Volcanoes are extremely complex natural systems, in which the interplay of different forces and physical processes determines a variety of behaviors that can be hard to interpret. The deep magmatic systems cannot be directly observed, and we must rely on indirect information. The latter typically consists of data from a variety of monitoring techniques, be it geochemical, geohpysical or petrological. Even though technology is making gorgeous improvements in terms of resolution and quality of collected data, it is still not obvious and univocally determined how to interpret them in terms of deep processes. Physical models of volcanic systems try to capture the essence of these processes, even though they are limited by the intrinsic uncertainty of initial and boundary conditions, as well as by the necessary simplifying assumptions that need to be made in order to make the system mathematically manageable. We try to assess the importance of some of the most commonly employed assumptions, and show that results are very sensitive to the choices made.

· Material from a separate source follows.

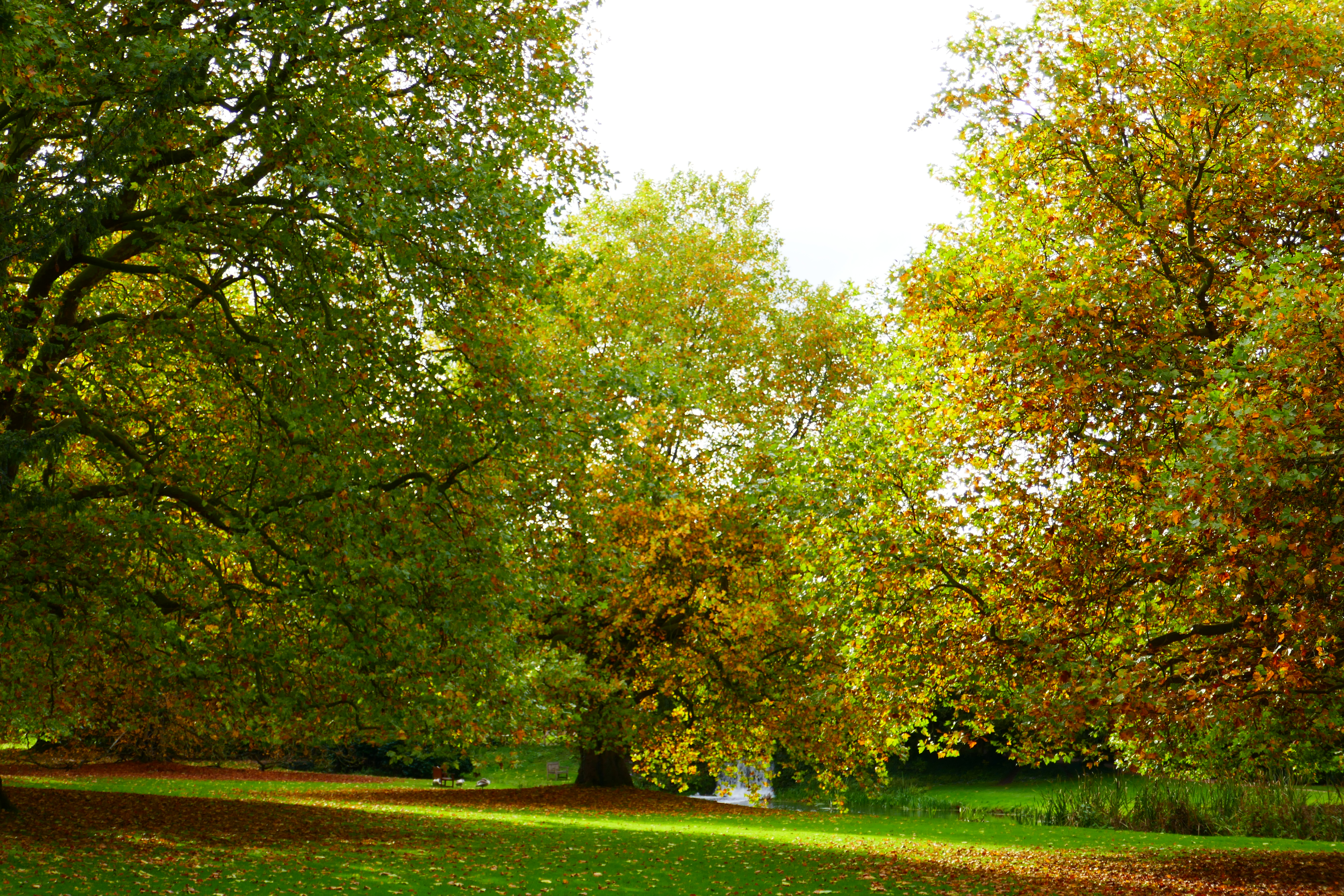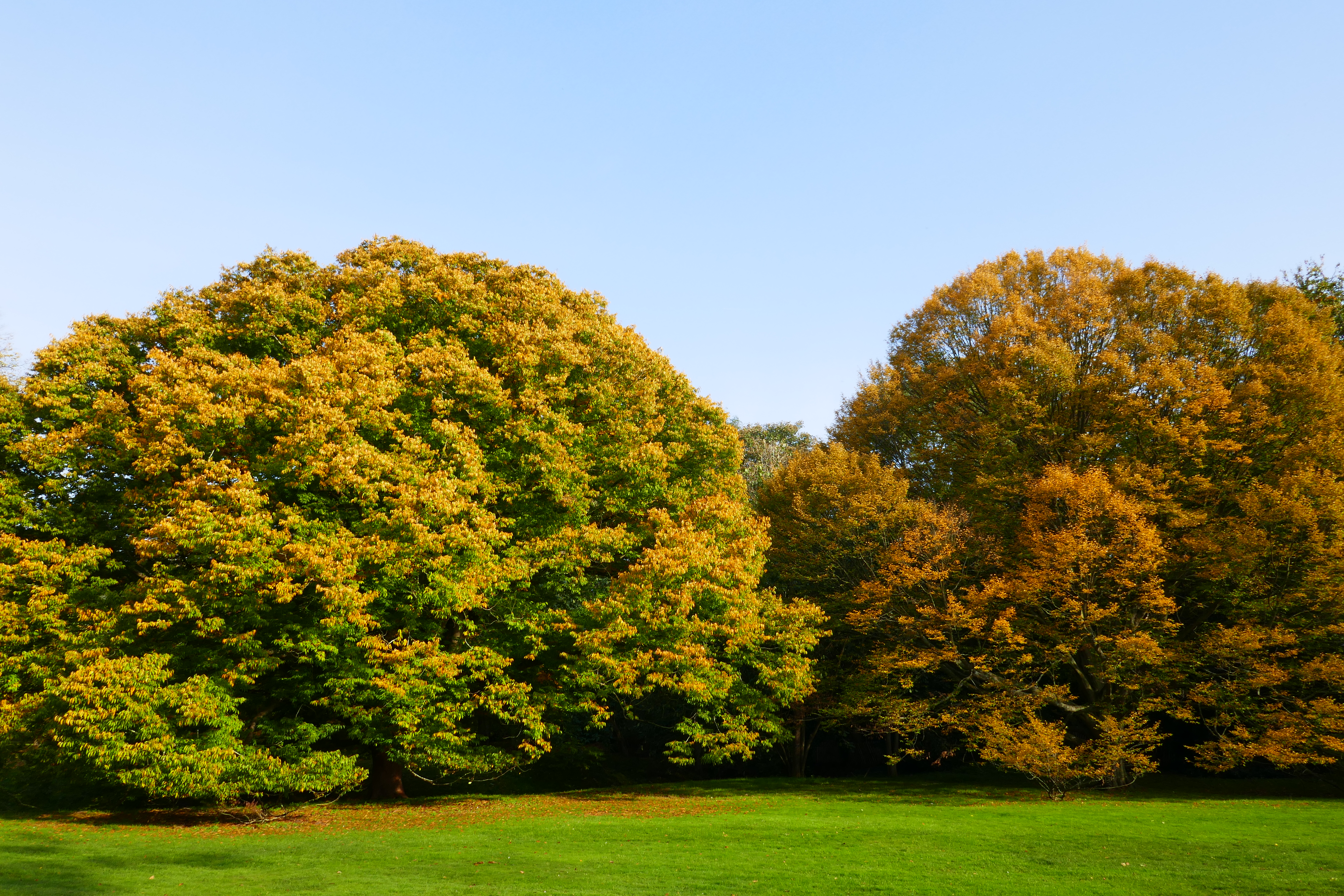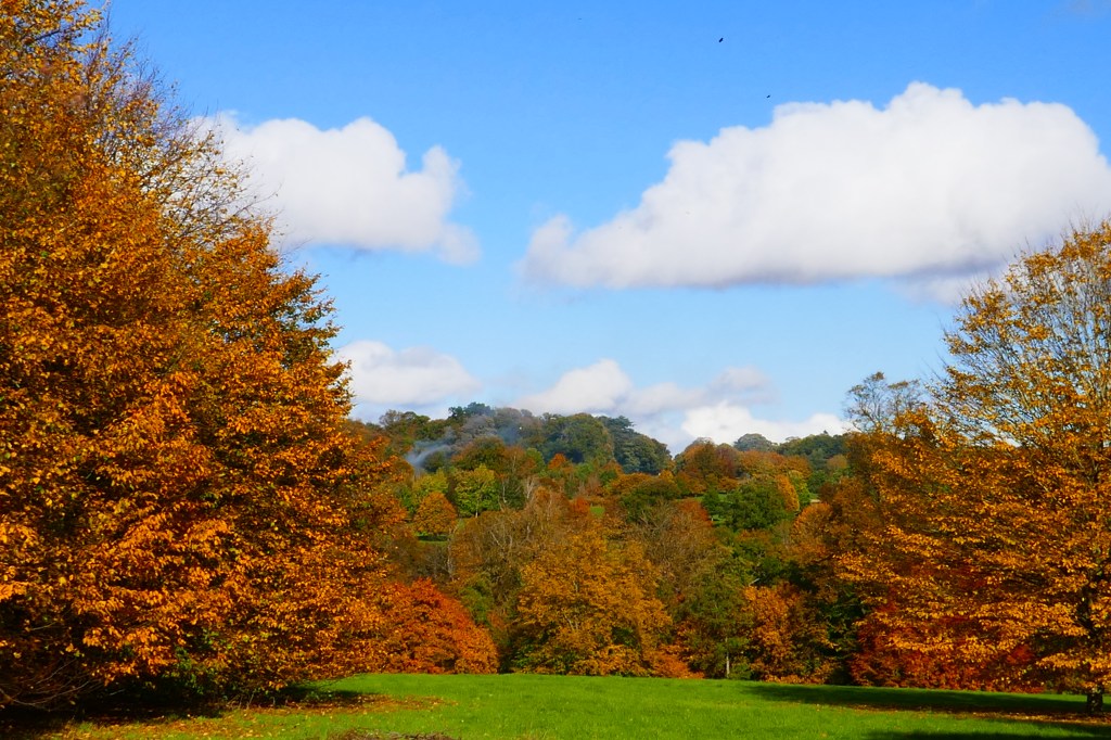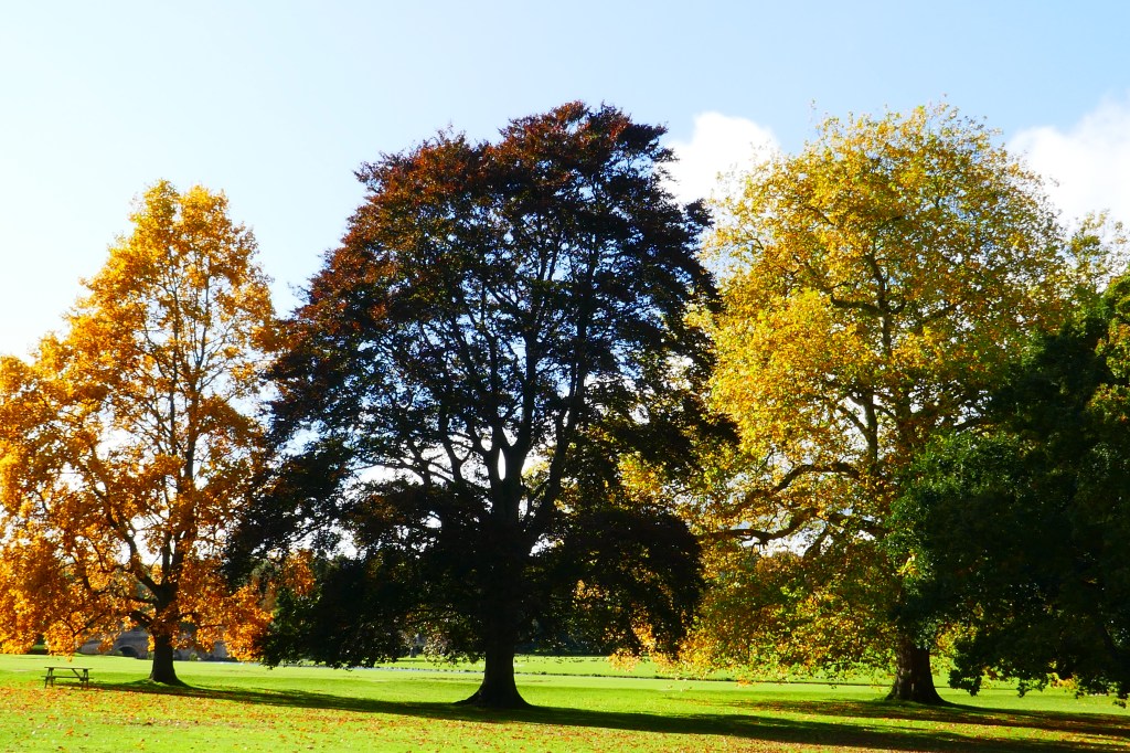 ….. as the leaves lose more of their green pigment, and the other pigments that have developed during the summer have a chance to show through. Rich, warm, golden browns, yellows and reds that highlight the emerald green of the grass. (The first two pictures are views at Audley End, the third is at Anglesey Abbey).

Results from forward modeling of magmatic processes, such as the arrival of magma from depth into an established, shallower reservoir, show that the patterns of pressure and density variations are complex both in space and time (Longo et al., 2012). Even within a relatively small magma chamber, there are regions undergoing pressurization and others being depressurized, evolving with time. Conversely, the most common models for the inversion of deformation data assume that the source is uniformly pressurized (e.g., Mogi, 1958). Therefore, inversion of synthetic data obtained from forward modeling does not reproduce the actual synthetic sources of deformation: preliminary results show that magma recharge into an already established reservoir does not have any signature in the deformation signal. On the other hand, inversion of gravity anomaly data is able to identify more precisely processes that involve complex space-time variations of density, including replenishment of emplaced reservoirs. It is thus evident how our assumptions can bias the understanding of complex volcanic processes. On the other hand, it is obviously impossible to describe such systems in complete detail: when should we stop approximating? Defining the processes that determine the first-order behavior of a volcanic system is a much needed but extremely hard goal to achieve.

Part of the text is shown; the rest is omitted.